_WHAT IS NEEDED_.
For the data below, transcribe the part that opens with the line containing "Ben jij gek" and closes with the line containing "미담타임스 김준완 기자", exactly and with no pictures.
=-=-=
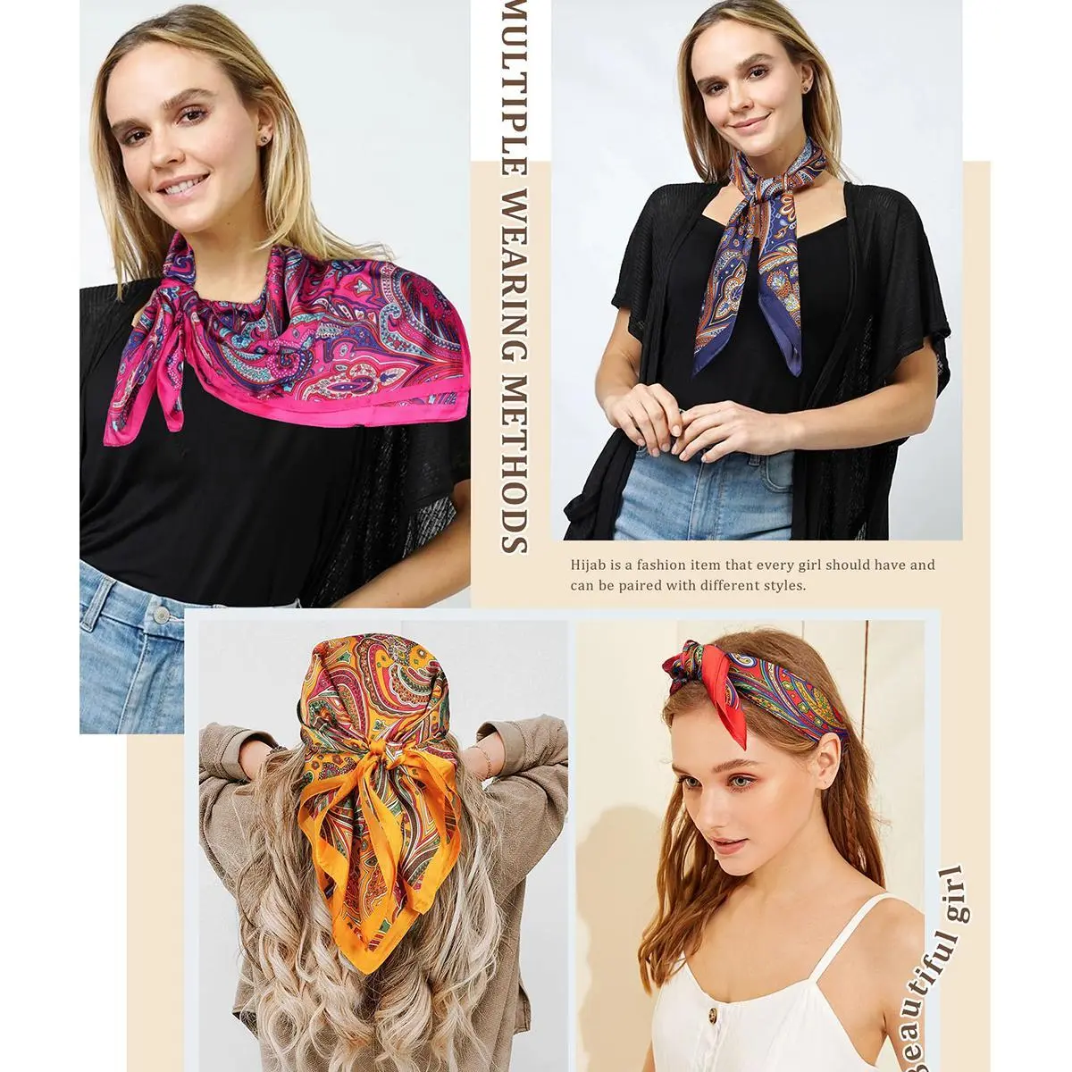 PACKAGE DETAILS AND WASHING INSTRUCTIONS:The package contains 4 square scarves of different colors, can be matched according to needs. Please hand wash the headscarf gently under 30℃ and hang or lay it flat to dry
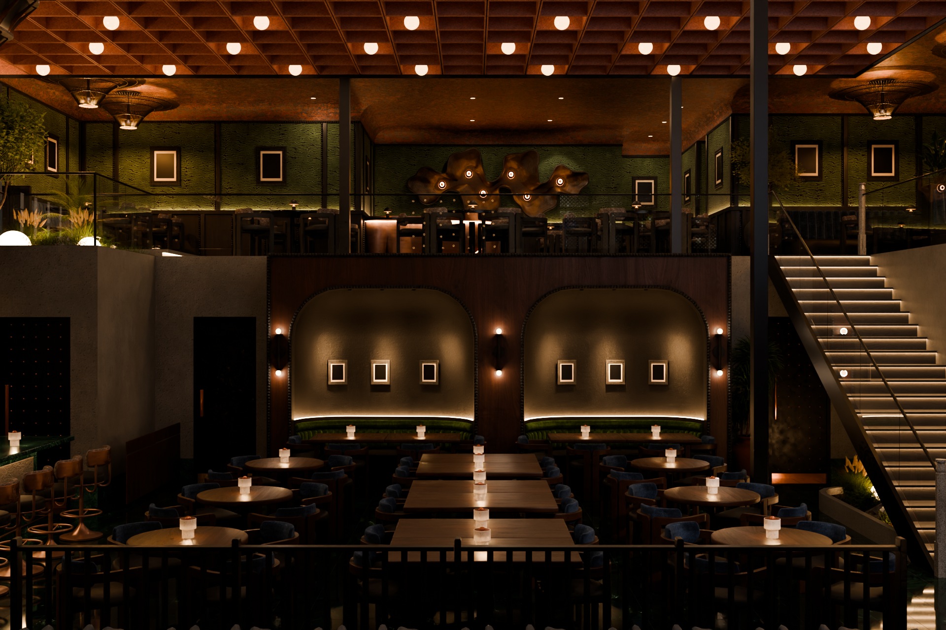 This new space in the U.S. reimagines that essence with a contemporary, high-end soul. The dark, moody interiors lit by lanterns that echo Indian streetscapes, sculptural wooden arches reminiscent of temple architecture, and acoustic walls—each element carrying the legacy forward. Here, textures speak louder than colors. Intricately carved panels absorb sound like secrets whispered through centuries, while 3D glass blocks—rooted in tradition yet resonating with global modernism—filter both light and music with equal grace.
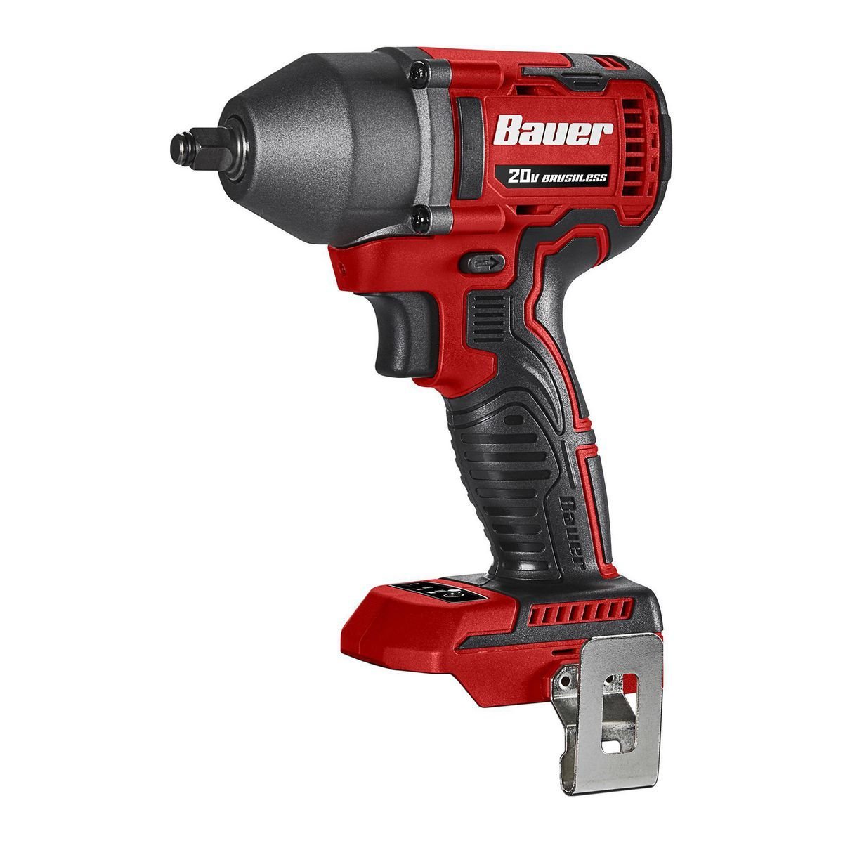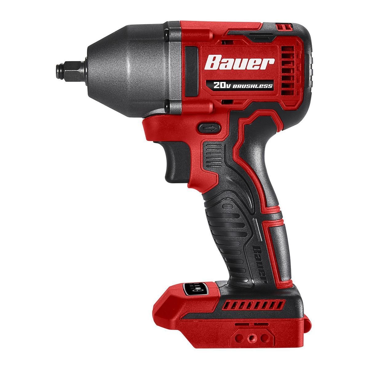 La pistola de impacto de 3 velocidades inalámbrica sin escobillas de 3/8 pulg. de BAUER™ está diseñada para brindar versatilidad y acceso en espacios reducidos. El motor de alto rendimiento produce 450 ft. lbs. de par de arranque del perno para quitar tuercas y pernos de cabeza con facilidad. Esta llave de impacto funciona con el sistema de batería de litio BAUER™ para una carga rápida y un tiempo de funcionamiento más prolongado.
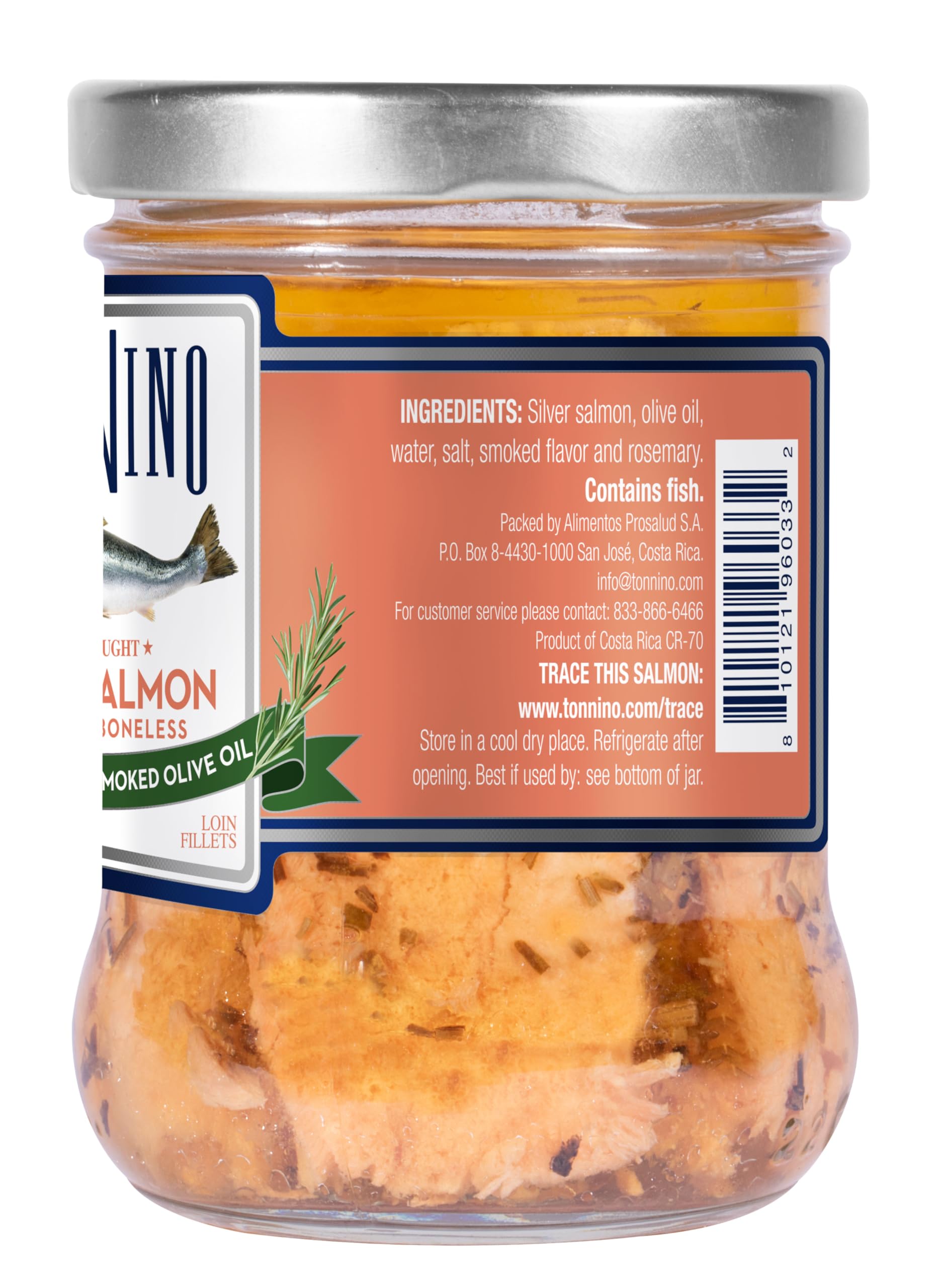 - Q: How much does each jar of Tonnino Salmon Silver Fish weigh? A: Each jar of Tonnino Salmon Silver Fish contains six point three ounces of product, packaged as a pack of six jars.
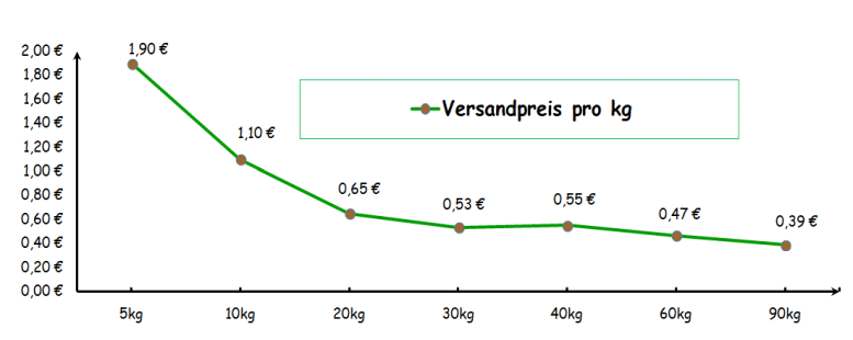 Der Versandpreis Inland wird günstiger pro kg, was besonders bei den Sortimenten günstig ist.
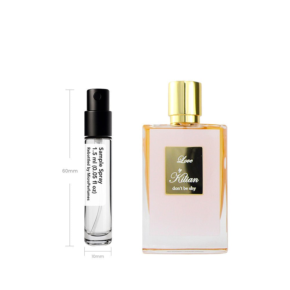 Love. don’t be shy (Eau de Parfum) by Kilian is a fragrance for women. introduced in 2007. It opens with bright. spicy notes. moves to lush. floral accords. and settles on warm. sweet tones for a romantic. indulgent signature. This scent is perfect for cooler seasons and intimate evenings. enveloping the wearer in a comforting yet alluring aura. Our 1.5 ml sample spray provides 20-25 sprays. making it an ideal option for several days of testing or travel.
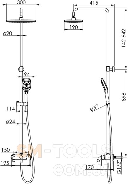 Размер верхенго душа, мм - 300х190
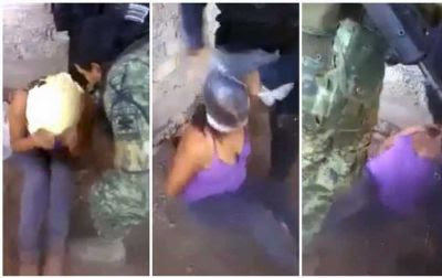 Desde anoche comenzó a circular en redes sociales un video donde se observa a personal militar y a un presunto policía federal agraviando a la mujer, a la que en varias ocasiones le colocan una bolsa de plástico en la cabeza.
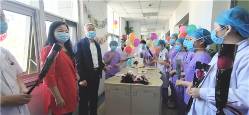 5月12日一大早,MILAN.COM工会施泰来主席和黄庆珍副主席代表医院为重症医学科护理团队送上了玫瑰花和节日蛋糕,带来节日的祝福。领导们的关怀让每个人都非常欣喜。她们表示,将不忘初心,牢记白衣天使的使命,以更好的技术和更好的服务对待每一位患者。
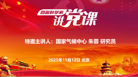 2025年11月12日,中国可再生能源学会“百名科学家讲党课”活动在北京举办。本次活动特邀主讲人为国家气候中心朱蓉研究员。
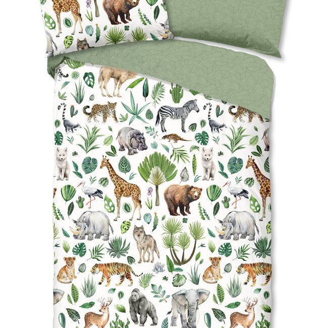 Ben jij gek op dieren? Dan is het Good Morning Samba dekbedovertrek een absolute must voor jouw slaapkamer! Met zijn Afrikaanse uitstraling, vol weelderige groene bladeren en een bonte verzameling wilde dieren zoals tijgers, olifanten, neushoorns en zebra’s, brengt dit overtrek de jungle tot leven. Sla het dekbed een stukje om en ontdek een stijlvolle groene bladerprint aan de achterzijde. Beide dessins komen ook terug op het bijpassende kussensloop, voor een speels en harmonieus geheel.
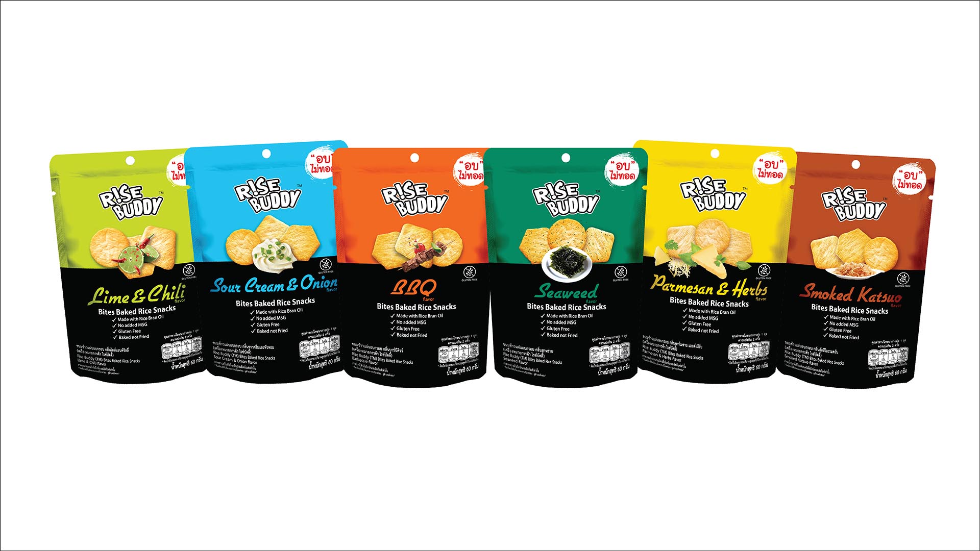 ได้แก่ Master Rice, Rise Buddy, Ravin, Bio-Earth และ Kiddie Kare ภายใต้แนวคิด Better for You มุ่งสร้างทางเลือกขนมที่อร่อยและดีต่อสุขภาพ โดยผลิตภัณฑ์ผ่านกระบวนการ "อบ ไม่ทอด" ไม่มีไขมันทรานส์ ไขมันต่ำกว่า 10% ไม่ใส่ผงชูรส ไม่มีกลูเตน และได้รับการรับรองมาตรฐานฮาลาล
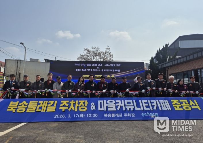 미담타임스 김준완 기자 | 포항시는 17일 흥해읍 옥성리에서 지역 주민과 관계자 등 150여 명이 참석한 가운데 ‘북송둘레길 주차장 및 마을커뮤니티카페 준공식’을 개최했다.
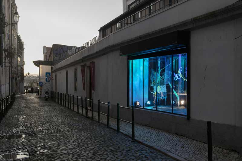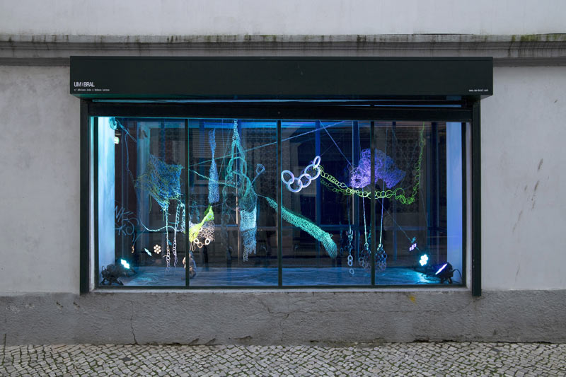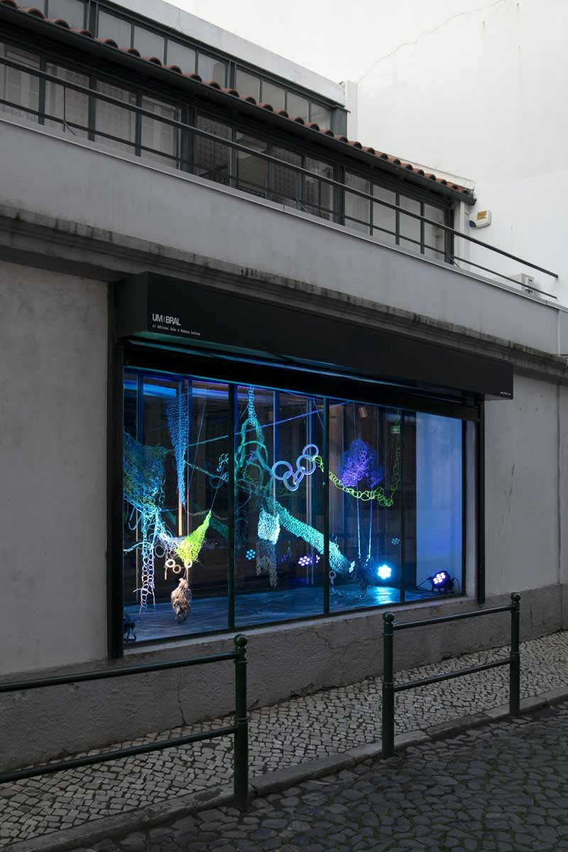 UMBRAL: O jogo entre uma vitrine desativada que pode funcionar como galeria (através das visitas no interior) assim como a possibilidade de esta se transformar numa intervenção de espaço público (através da vista do exterior) — a possibilidade de se ver a cidade pelas transparências das janelas, e a possibilidade de se pensar um lugar “suspenso” procurando concepções com a sua história, passado, presente e futuro, explorando possibilidade de (trans)mutabilidade de lugares e de hackeamento de sistemas. O processo para atingir este fim acabou por ser bastante intuitivo e desconstruído, como é a própria premissa da UMBRAL — a possibilidade de uma instalação “fixa” numa vitrine “suspensa no tempo” que naturalmente através dos reflexos — jogos de luz nas peças, reflexos no vidro, intensidade da luz natural torna-se possível devido ao efeito “aquariano” de que falas, e que também deu a engrenagem para o próprio pensamento do projeto. A própria instalação não terminou aqui, a sua contínua existência no espaço virtual perpetuou e continua a perpetuar a UMBRAL entre diferentes fluxos, perspectivas e acima de tudo portais para potências de pensamento e experimento.
=-=-=
_EXERCISE OUTPUT_.
 Ben jij gek op dieren? Dan is het Good Morning Samba dekbedovertrek een absolute must voor jouw slaapkamer! Met zijn Afrikaanse uitstraling, vol weelderige groene bladeren en een bonte verzameling wilde dieren zoals tijgers, olifanten, neushoorns en zebra’s, brengt dit overtrek de jungle tot leven. Sla het dekbed een stukje om en ontdek een stijlvolle groene bladerprint aan de achterzijde. Beide dessins komen ook terug op het bijpassende kussensloop, voor een speels en harmonieus geheel.
 ได้แก่ Master Rice, Rise Buddy, Ravin, Bio-Earth และ Kiddie Kare ภายใต้แนวคิด Better for You มุ่งสร้างทางเลือกขนมที่อร่อยและดีต่อสุขภาพ โดยผลิตภัณฑ์ผ่านกระบวนการ "อบ ไม่ทอด" ไม่มีไขมันทรานส์ ไขมันต่ำกว่า 10% ไม่ใส่ผงชูรส ไม่มีกลูเตน และได้รับการรับรองมาตรฐานฮาลาล
 미담타임스 김준완 기자 | 포항시는 17일 흥해읍 옥성리에서 지역 주민과 관계자 등 150여 명이 참석한 가운데 ‘북송둘레길 주차장 및 마을커뮤니티카페 준공식’을 개최했다.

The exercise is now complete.